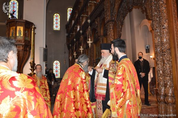 Μετά το πέρας της θείας λειτουργίας, ο Σεβασμιώτατος, αφού προέβη στην εις πρωτοπρεσβύτερο χειροθεσία του π.Γεωργίου Σαρησάββα δέχθηκε στο Επισκοπείο τα πνευματικά του παιδιά, τα οποία έσπευσαν να υποβάλουν τα σέβη τους και να εκζητήσουν την ευχή του Ποιμενάρχη τους για τη νέα χρονιά.
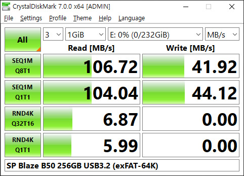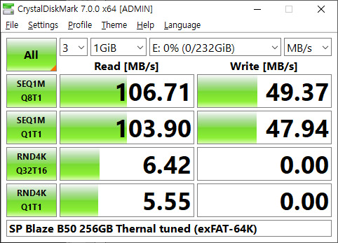 Comment: SP Blaze B50 256GB Thernal tuned (exFAT-64K)
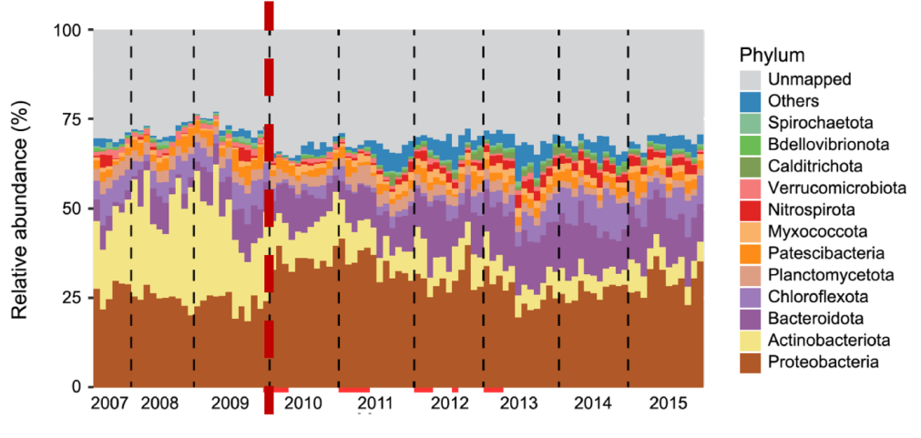 香港大學(xué)張彤教授的團(tuán)隊(duì)在2007年6月到2015年 12月期間,每個(gè)月都會(huì)在香港沙田污水處理廠采集活性污泥的樣本。他們想看看,復(fù)雜的活性污泥微生物群落,在這么長(zhǎng)的時(shí)間跨度內(nèi),在經(jīng)歷各種環(huán)境條件的變動(dòng)時(shí),這個(gè)系統(tǒng)是怎么演變的。
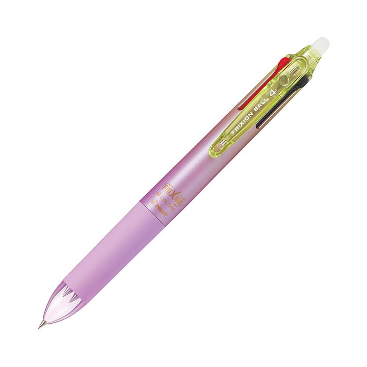Stylo bille 4 couleurs Frixion Ball violet dégradé. Equipé de 4 recharges : noir, bleu, rouge, vert. Encre effaçable thermosensible. Rechargeable. Pointe fine 0.5mm.
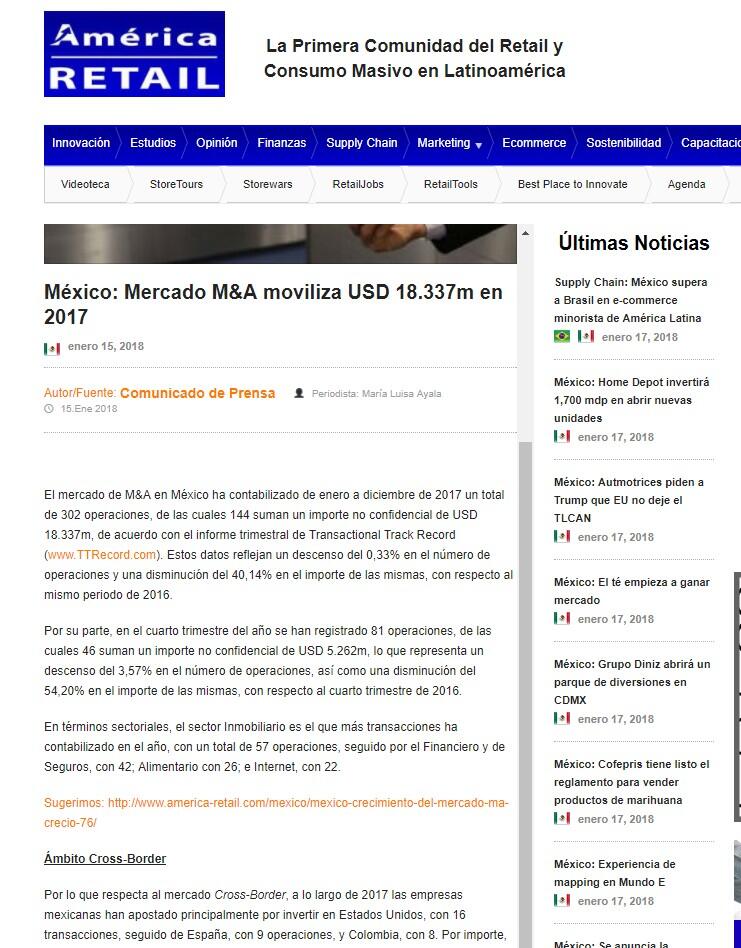 El mercado de M&A en México ha contabilizado de enero a diciembre de 2017 un total de 302 operaciones, de las cuales 144 suman un importe no confidencial de USD 18.337m, de acuerdo con el informe trimestral de Transactional Track Record (www.TTRecord.com). Estos datos reflejan un descenso del 0,33% en el número de operaciones y una disminución del 40,14% en el importe de las mismas, con respecto al mismo periodo de 2016.

* What the exercise asks
Please output each line above exactly and omit all images.

* Your solution
 Μετά το πέρας της θείας λειτουργίας, ο Σεβασμιώτατος, αφού προέβη στην εις πρωτοπρεσβύτερο χειροθεσία του π.Γεωργίου Σαρησάββα δέχθηκε στο Επισκοπείο τα πνευματικά του παιδιά, τα οποία έσπευσαν να υποβάλουν τα σέβη τους και να εκζητήσουν την ευχή του Ποιμενάρχη τους για τη νέα χρονιά.
 Comment: SP Blaze B50 256GB Thernal tuned (exFAT-64K)
 香港大學(xué)張彤教授的團(tuán)隊(duì)在2007年6月到2015年 12月期間,每個(gè)月都會(huì)在香港沙田污水處理廠采集活性污泥的樣本。他們想看看,復(fù)雜的活性污泥微生物群落,在這么長(zhǎng)的時(shí)間跨度內(nèi),在經(jīng)歷各種環(huán)境條件的變動(dòng)時(shí),這個(gè)系統(tǒng)是怎么演變的。
Stylo bille 4 couleurs Frixion Ball violet dégradé. Equipé de 4 recharges : noir, bleu, rouge, vert. Encre effaçable thermosensible. Rechargeable. Pointe fine 0.5mm.
 El mercado de M&A en México ha contabilizado de enero a diciembre de 2017 un total de 302 operaciones, de las cuales 144 suman un importe no confidencial de USD 18.337m, de acuerdo con el informe trimestral de Transactional Track Record (www.TTRecord.com). Estos datos reflejan un descenso del 0,33% en el número de operaciones y una disminución del 40,14% en el importe de las mismas, con respecto al mismo periodo de 2016.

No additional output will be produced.